INFORMATION PROVIDED —
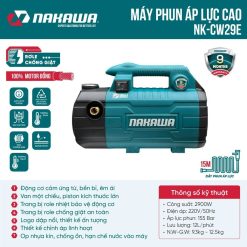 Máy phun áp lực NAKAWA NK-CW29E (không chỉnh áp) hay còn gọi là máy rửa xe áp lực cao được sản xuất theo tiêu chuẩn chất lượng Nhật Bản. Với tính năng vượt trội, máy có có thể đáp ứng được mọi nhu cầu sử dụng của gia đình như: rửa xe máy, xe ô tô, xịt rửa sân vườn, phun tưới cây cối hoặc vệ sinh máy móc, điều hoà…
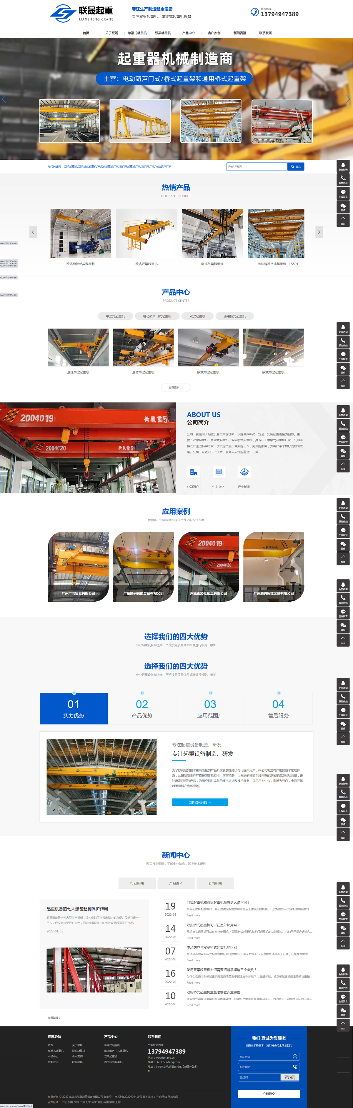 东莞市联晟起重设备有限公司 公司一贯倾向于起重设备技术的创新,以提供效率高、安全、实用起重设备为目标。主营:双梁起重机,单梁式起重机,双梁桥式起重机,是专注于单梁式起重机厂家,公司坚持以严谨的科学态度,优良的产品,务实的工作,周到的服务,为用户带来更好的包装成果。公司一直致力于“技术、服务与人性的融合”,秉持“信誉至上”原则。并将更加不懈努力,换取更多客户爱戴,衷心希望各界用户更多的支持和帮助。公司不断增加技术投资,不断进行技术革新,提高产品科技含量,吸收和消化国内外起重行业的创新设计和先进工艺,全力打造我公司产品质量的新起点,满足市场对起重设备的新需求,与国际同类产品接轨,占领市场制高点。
==
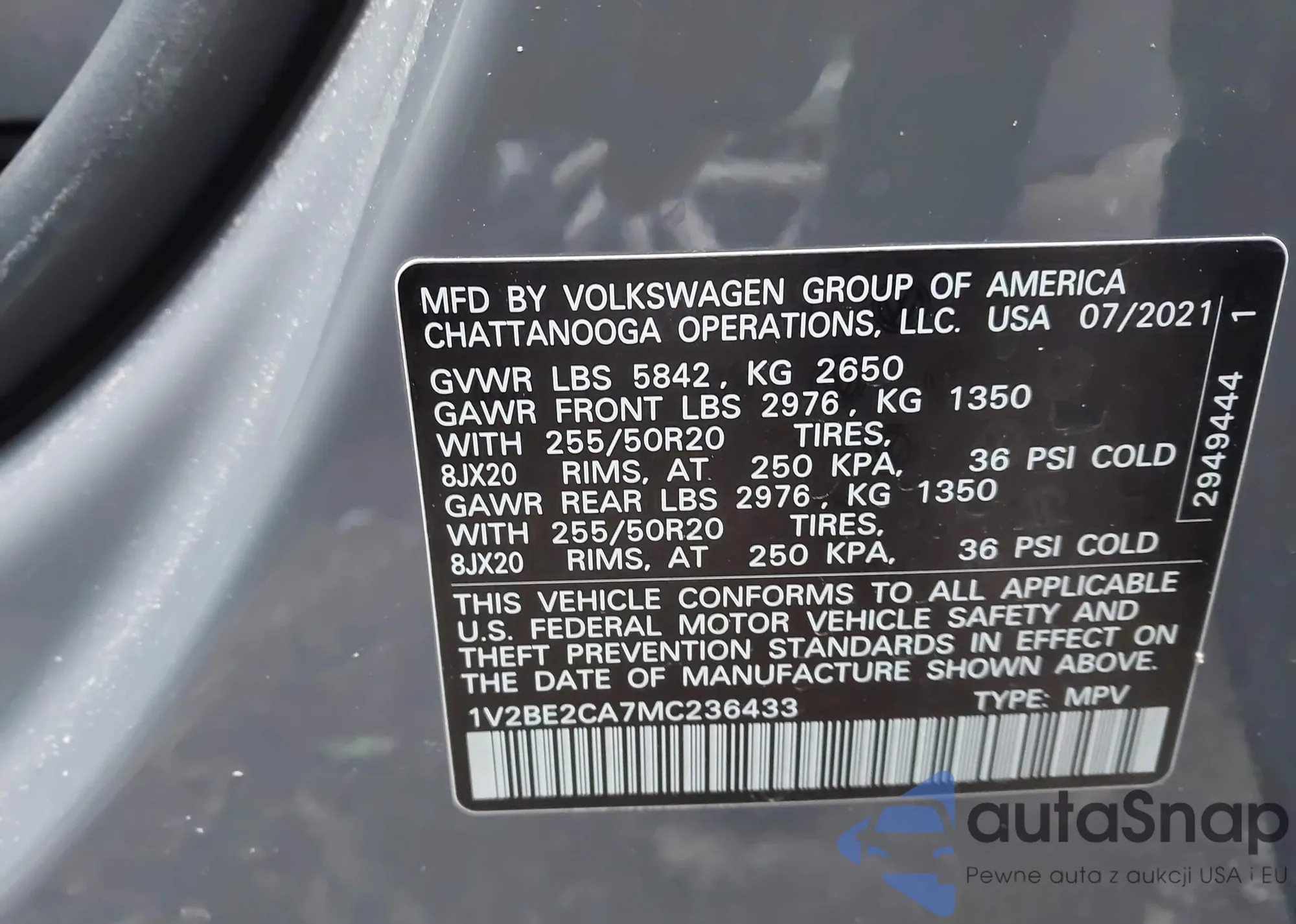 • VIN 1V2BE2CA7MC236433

EXERCISE — Using the data above, give again exactly the lines starting at the one holding "Máy phun áp" and ending at the one holding "东莞市联晟起重设备有限公司 公司一贯倾向", inclusive, and nothing more. Omit the pictures.

TASK OUTPUT —
 Máy phun áp lực NAKAWA NK-CW29E (không chỉnh áp) hay còn gọi là máy rửa xe áp lực cao được sản xuất theo tiêu chuẩn chất lượng Nhật Bản. Với tính năng vượt trội, máy có có thể đáp ứng được mọi nhu cầu sử dụng của gia đình như: rửa xe máy, xe ô tô, xịt rửa sân vườn, phun tưới cây cối hoặc vệ sinh máy móc, điều hoà…
 东莞市联晟起重设备有限公司 公司一贯倾向于起重设备技术的创新,以提供效率高、安全、实用起重设备为目标。主营:双梁起重机,单梁式起重机,双梁桥式起重机,是专注于单梁式起重机厂家,公司坚持以严谨的科学态度,优良的产品,务实的工作,周到的服务,为用户带来更好的包装成果。公司一直致力于“技术、服务与人性的融合”,秉持“信誉至上”原则。并将更加不懈努力,换取更多客户爱戴,衷心希望各界用户更多的支持和帮助。公司不断增加技术投资,不断进行技术革新,提高产品科技含量,吸收和消化国内外起重行业的创新设计和先进工艺,全力打造我公司产品质量的新起点,满足市场对起重设备的新需求,与国际同类产品接轨,占领市场制高点。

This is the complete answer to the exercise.